• [WORK TASK]: Images are to be omitted, and the rest of the records reproduced exactly.

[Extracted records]
• • • •
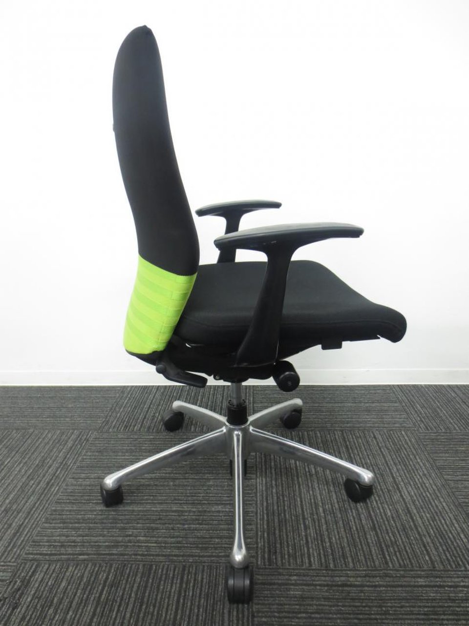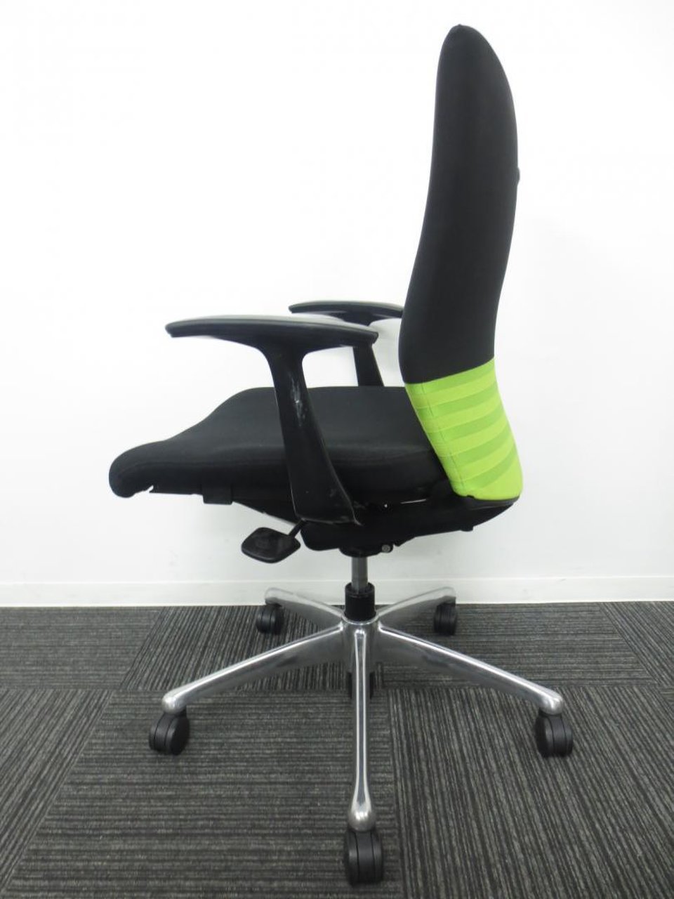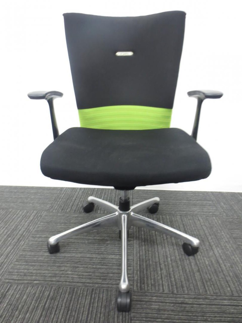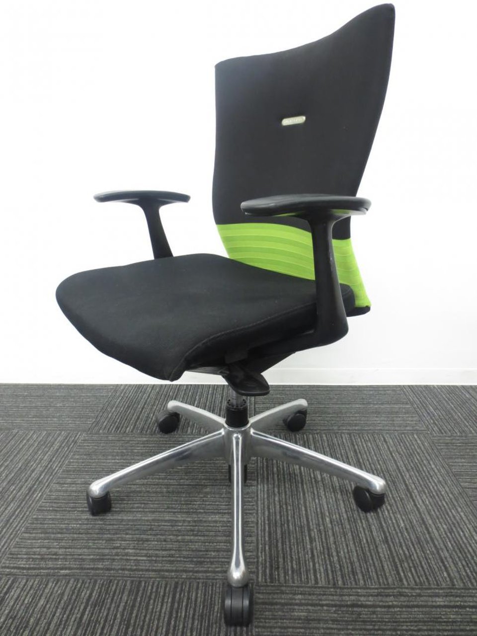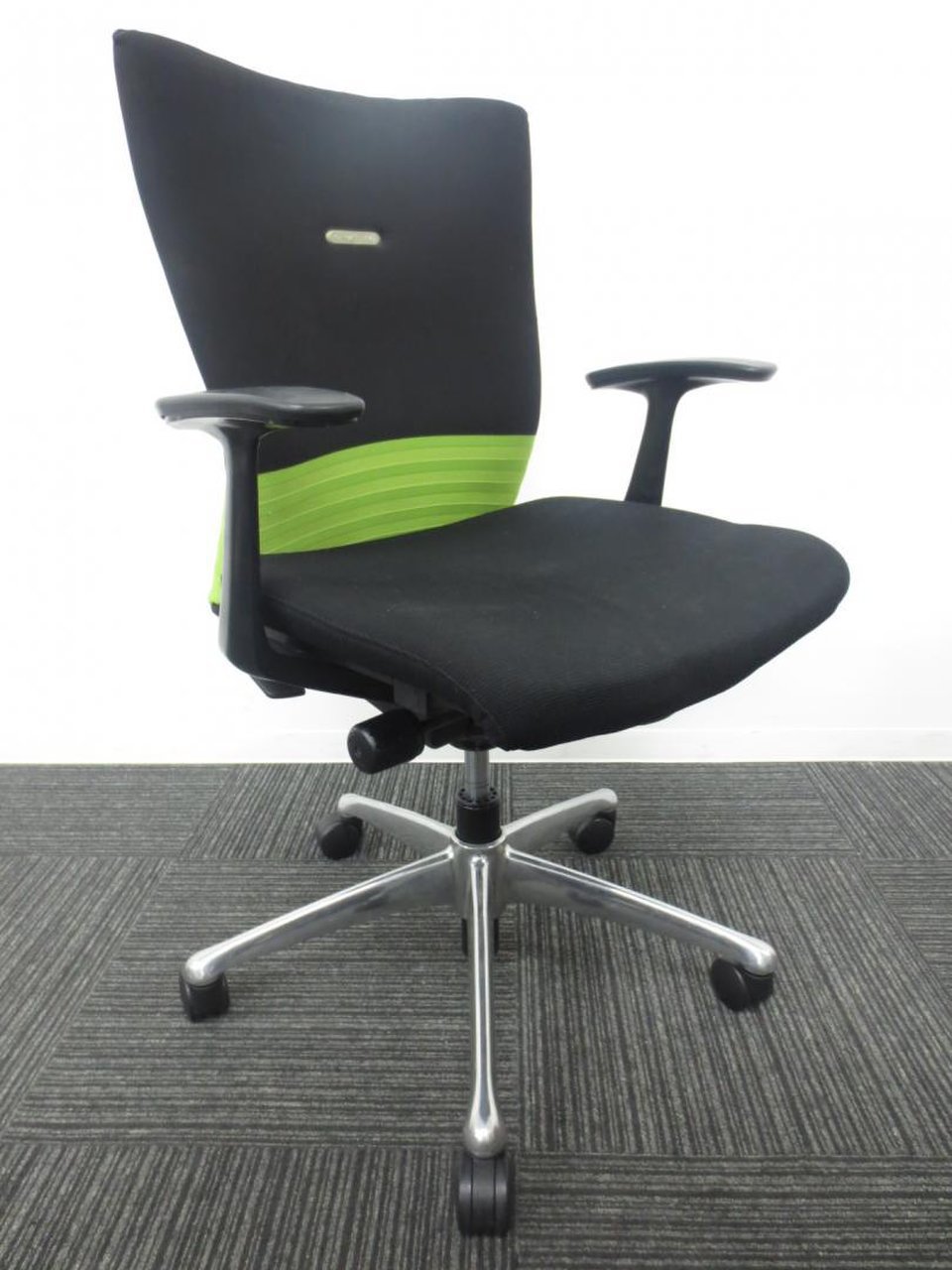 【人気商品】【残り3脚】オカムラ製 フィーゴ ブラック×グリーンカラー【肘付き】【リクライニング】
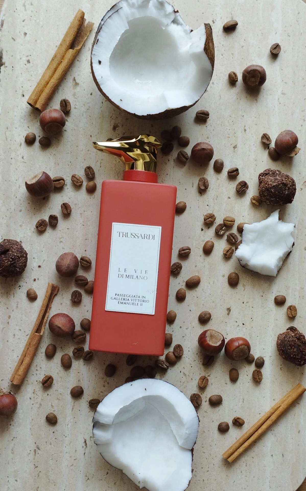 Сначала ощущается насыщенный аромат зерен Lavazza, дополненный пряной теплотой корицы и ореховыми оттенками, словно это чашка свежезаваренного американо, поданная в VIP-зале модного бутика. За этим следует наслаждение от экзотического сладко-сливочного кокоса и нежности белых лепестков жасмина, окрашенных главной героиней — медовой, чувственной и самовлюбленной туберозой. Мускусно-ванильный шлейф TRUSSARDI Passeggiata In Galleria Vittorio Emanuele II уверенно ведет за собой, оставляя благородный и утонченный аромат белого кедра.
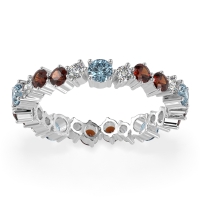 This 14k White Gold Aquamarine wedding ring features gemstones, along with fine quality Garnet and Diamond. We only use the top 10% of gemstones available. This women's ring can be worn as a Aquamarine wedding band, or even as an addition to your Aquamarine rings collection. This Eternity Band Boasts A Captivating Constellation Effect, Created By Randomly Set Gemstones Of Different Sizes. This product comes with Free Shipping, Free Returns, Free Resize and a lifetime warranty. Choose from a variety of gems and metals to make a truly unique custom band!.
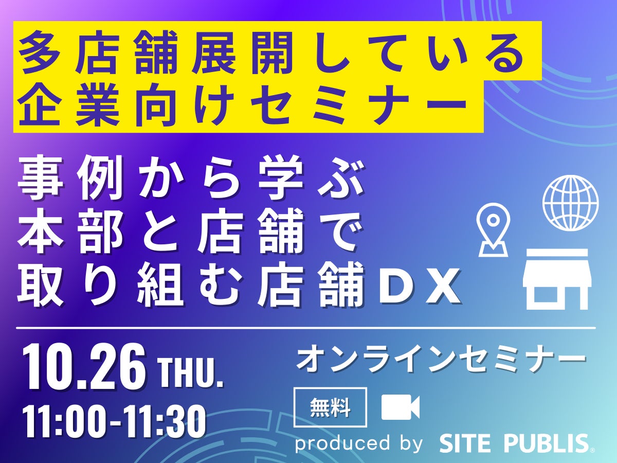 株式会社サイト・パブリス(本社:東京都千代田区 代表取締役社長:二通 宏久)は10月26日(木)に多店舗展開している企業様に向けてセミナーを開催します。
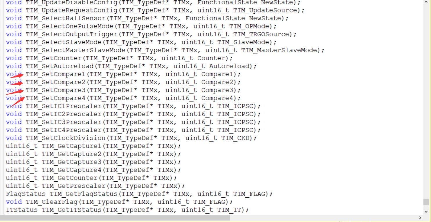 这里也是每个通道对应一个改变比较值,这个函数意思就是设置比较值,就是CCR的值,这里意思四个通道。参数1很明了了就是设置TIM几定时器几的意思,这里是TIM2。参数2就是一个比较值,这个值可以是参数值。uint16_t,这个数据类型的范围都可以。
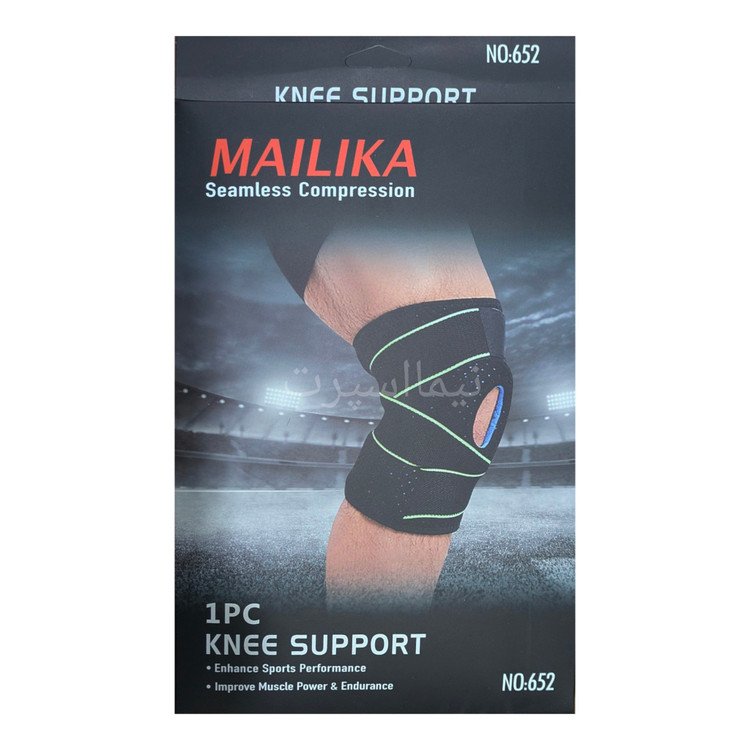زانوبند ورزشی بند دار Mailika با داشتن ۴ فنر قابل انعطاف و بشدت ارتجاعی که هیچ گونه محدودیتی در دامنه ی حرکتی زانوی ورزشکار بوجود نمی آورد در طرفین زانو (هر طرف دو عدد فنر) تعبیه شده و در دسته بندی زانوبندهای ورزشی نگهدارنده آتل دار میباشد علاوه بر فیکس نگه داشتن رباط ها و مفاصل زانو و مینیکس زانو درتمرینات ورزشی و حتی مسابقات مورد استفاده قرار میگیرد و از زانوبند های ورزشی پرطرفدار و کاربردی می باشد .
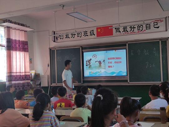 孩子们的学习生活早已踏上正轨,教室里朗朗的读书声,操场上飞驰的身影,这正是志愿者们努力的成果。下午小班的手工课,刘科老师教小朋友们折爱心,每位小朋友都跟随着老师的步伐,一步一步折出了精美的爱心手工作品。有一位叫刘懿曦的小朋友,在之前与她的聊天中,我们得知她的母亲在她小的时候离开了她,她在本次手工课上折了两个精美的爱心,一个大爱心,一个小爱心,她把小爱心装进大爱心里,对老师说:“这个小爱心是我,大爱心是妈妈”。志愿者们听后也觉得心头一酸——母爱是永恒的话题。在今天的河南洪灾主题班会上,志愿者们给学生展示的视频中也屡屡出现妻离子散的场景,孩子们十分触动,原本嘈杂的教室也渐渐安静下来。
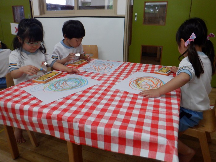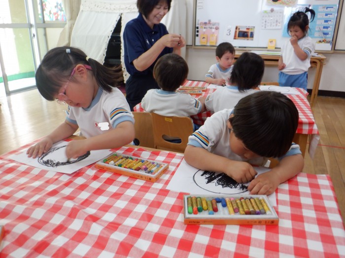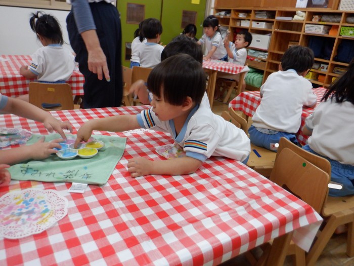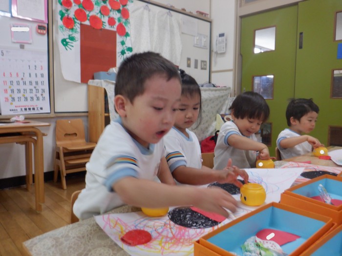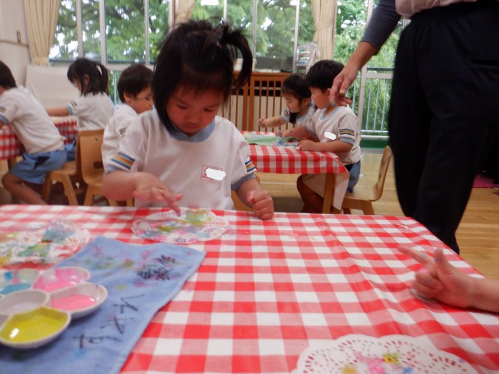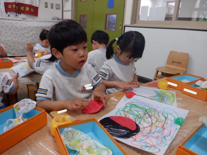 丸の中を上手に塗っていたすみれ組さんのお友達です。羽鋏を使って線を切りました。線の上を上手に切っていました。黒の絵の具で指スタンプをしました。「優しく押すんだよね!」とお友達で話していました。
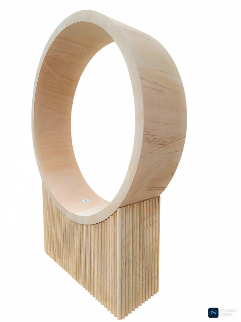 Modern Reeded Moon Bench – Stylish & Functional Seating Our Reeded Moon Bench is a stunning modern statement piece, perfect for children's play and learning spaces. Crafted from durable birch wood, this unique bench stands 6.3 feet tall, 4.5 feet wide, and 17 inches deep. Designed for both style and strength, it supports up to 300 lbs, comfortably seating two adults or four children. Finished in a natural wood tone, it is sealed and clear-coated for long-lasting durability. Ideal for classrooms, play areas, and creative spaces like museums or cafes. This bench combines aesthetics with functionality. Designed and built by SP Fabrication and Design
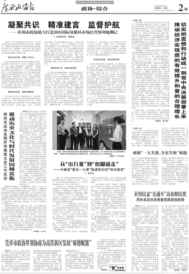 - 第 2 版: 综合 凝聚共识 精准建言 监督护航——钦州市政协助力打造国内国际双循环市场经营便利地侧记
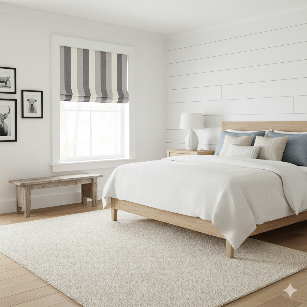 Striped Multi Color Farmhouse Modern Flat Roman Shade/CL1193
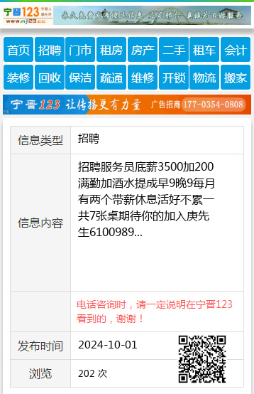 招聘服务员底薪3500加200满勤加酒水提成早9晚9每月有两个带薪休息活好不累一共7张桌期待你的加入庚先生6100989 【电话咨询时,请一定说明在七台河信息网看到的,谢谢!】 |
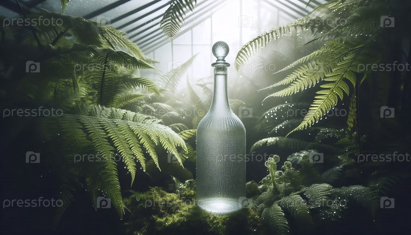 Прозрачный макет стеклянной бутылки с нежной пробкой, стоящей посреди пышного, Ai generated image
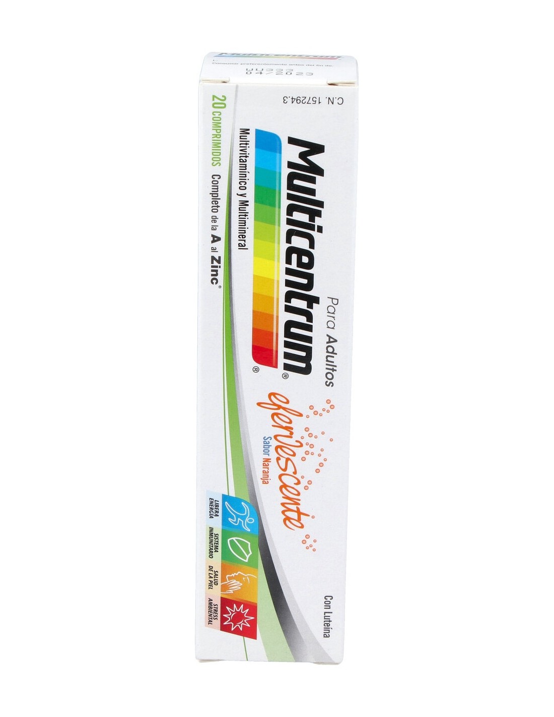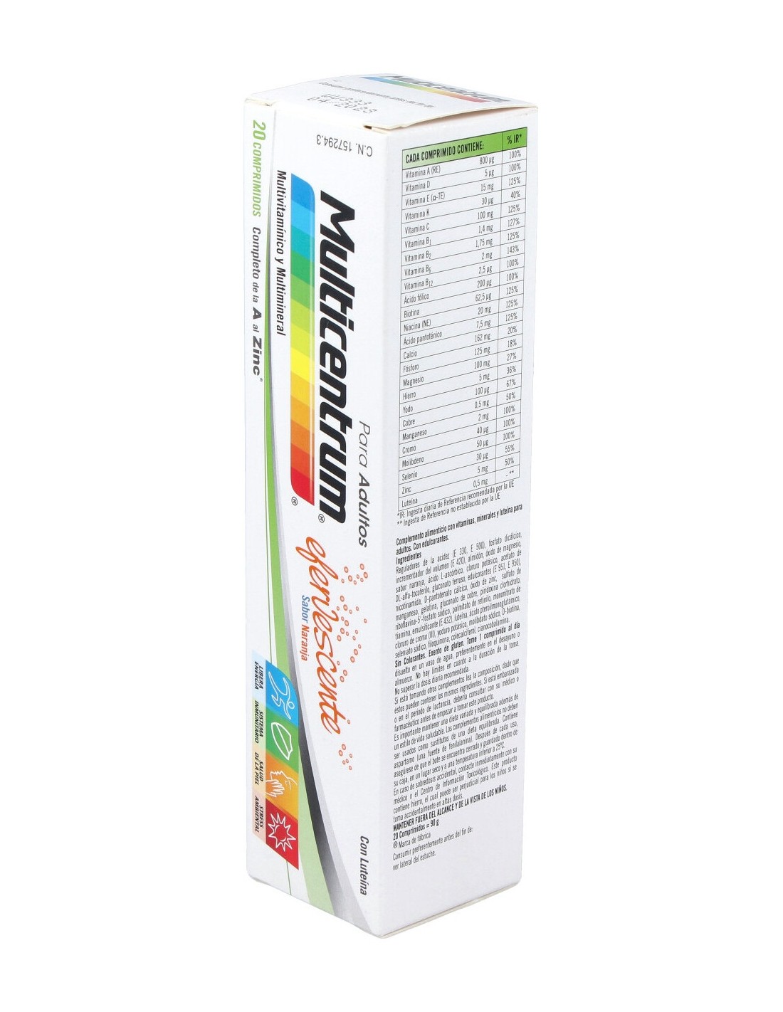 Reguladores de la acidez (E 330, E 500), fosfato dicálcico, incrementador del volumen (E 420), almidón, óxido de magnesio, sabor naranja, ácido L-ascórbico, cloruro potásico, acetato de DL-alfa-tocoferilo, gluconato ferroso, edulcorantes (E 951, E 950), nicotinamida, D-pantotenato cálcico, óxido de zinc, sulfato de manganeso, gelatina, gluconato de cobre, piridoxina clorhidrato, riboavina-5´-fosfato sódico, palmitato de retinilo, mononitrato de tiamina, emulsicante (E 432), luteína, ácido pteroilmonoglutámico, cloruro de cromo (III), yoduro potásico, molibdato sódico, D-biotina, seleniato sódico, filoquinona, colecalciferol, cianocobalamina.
• • • •
• [WRITTEN RESPONSE]:
 【人気商品】【残り3脚】オカムラ製 フィーゴ ブラック×グリーンカラー【肘付き】【リクライニング】
 Сначала ощущается насыщенный аромат зерен Lavazza, дополненный пряной теплотой корицы и ореховыми оттенками, словно это чашка свежезаваренного американо, поданная в VIP-зале модного бутика. За этим следует наслаждение от экзотического сладко-сливочного кокоса и нежности белых лепестков жасмина, окрашенных главной героиней — медовой, чувственной и самовлюбленной туберозой. Мускусно-ванильный шлейф TRUSSARDI Passeggiata In Galleria Vittorio Emanuele II уверенно ведет за собой, оставляя благородный и утонченный аромат белого кедра.
 This 14k White Gold Aquamarine wedding ring features gemstones, along with fine quality Garnet and Diamond. We only use the top 10% of gemstones available. This women's ring can be worn as a Aquamarine wedding band, or even as an addition to your Aquamarine rings collection. This Eternity Band Boasts A Captivating Constellation Effect, Created By Randomly Set Gemstones Of Different Sizes. This product comes with Free Shipping, Free Returns, Free Resize and a lifetime warranty. Choose from a variety of gems and metals to make a truly unique custom band!.
 株式会社サイト・パブリス(本社:東京都千代田区 代表取締役社長:二通 宏久)は10月26日(木)に多店舗展開している企業様に向けてセミナーを開催します。
 这里也是每个通道对应一个改变比较值,这个函数意思就是设置比较值,就是CCR的值,这里意思四个通道。参数1很明了了就是设置TIM几定时器几的意思,这里是TIM2。参数2就是一个比较值,这个值可以是参数值。uint16_t,这个数据类型的范围都可以。
زانوبند ورزشی بند دار Mailika با داشتن ۴ فنر قابل انعطاف و بشدت ارتجاعی که هیچ گونه محدودیتی در دامنه ی حرکتی زانوی ورزشکار بوجود نمی آورد در طرفین زانو (هر طرف دو عدد فنر) تعبیه شده و در دسته بندی زانوبندهای ورزشی نگهدارنده آتل دار میباشد علاوه بر فیکس نگه داشتن رباط ها و مفاصل زانو و مینیکس زانو درتمرینات ورزشی و حتی مسابقات مورد استفاده قرار میگیرد و از زانوبند های ورزشی پرطرفدار و کاربردی می باشد .
 孩子们的学习生活早已踏上正轨,教室里朗朗的读书声,操场上飞驰的身影,这正是志愿者们努力的成果。下午小班的手工课,刘科老师教小朋友们折爱心,每位小朋友都跟随着老师的步伐,一步一步折出了精美的爱心手工作品。有一位叫刘懿曦的小朋友,在之前与她的聊天中,我们得知她的母亲在她小的时候离开了她,她在本次手工课上折了两个精美的爱心,一个大爱心,一个小爱心,她把小爱心装进大爱心里,对老师说:“这个小爱心是我,大爱心是妈妈”。志愿者们听后也觉得心头一酸——母爱是永恒的话题。在今天的河南洪灾主题班会上,志愿者们给学生展示的视频中也屡屡出现妻离子散的场景,孩子们十分触动,原本嘈杂的教室也渐渐安静下来。
 丸の中を上手に塗っていたすみれ組さんのお友達です。羽鋏を使って線を切りました。線の上を上手に切っていました。黒の絵の具で指スタンプをしました。「優しく押すんだよね!」とお友達で話していました。
 Modern Reeded Moon Bench – Stylish & Functional Seating Our Reeded Moon Bench is a stunning modern statement piece, perfect for children's play and learning spaces. Crafted from durable birch wood, this unique bench stands 6.3 feet tall, 4.5 feet wide, and 17 inches deep. Designed for both style and strength, it supports up to 300 lbs, comfortably seating two adults or four children. Finished in a natural wood tone, it is sealed and clear-coated for long-lasting durability. Ideal for classrooms, play areas, and creative spaces like museums or cafes. This bench combines aesthetics with functionality. Designed and built by SP Fabrication and Design
 - 第 2 版: 综合 凝聚共识 精准建言 监督护航——钦州市政协助力打造国内国际双循环市场经营便利地侧记
 Striped Multi Color Farmhouse Modern Flat Roman Shade/CL1193
 招聘服务员底薪3500加200满勤加酒水提成早9晚9每月有两个带薪休息活好不累一共7张桌期待你的加入庚先生6100989 【电话咨询时,请一定说明在七台河信息网看到的,谢谢!】 |
 Прозрачный макет стеклянной бутылки с нежной пробкой, стоящей посреди пышного, Ai generated image
 Reguladores de la acidez (E 330, E 500), fosfato dicálcico, incrementador del volumen (E 420), almidón, óxido de magnesio, sabor naranja, ácido L-ascórbico, cloruro potásico, acetato de DL-alfa-tocoferilo, gluconato ferroso, edulcorantes (E 951, E 950), nicotinamida, D-pantotenato cálcico, óxido de zinc, sulfato de manganeso, gelatina, gluconato de cobre, piridoxina clorhidrato, riboavina-5´-fosfato sódico, palmitato de retinilo, mononitrato de tiamina, emulsicante (E 432), luteína, ácido pteroilmonoglutámico, cloruro de cromo (III), yoduro potásico, molibdato sódico, D-biotina, seleniato sódico, filoquinona, colecalciferol, cianocobalamina.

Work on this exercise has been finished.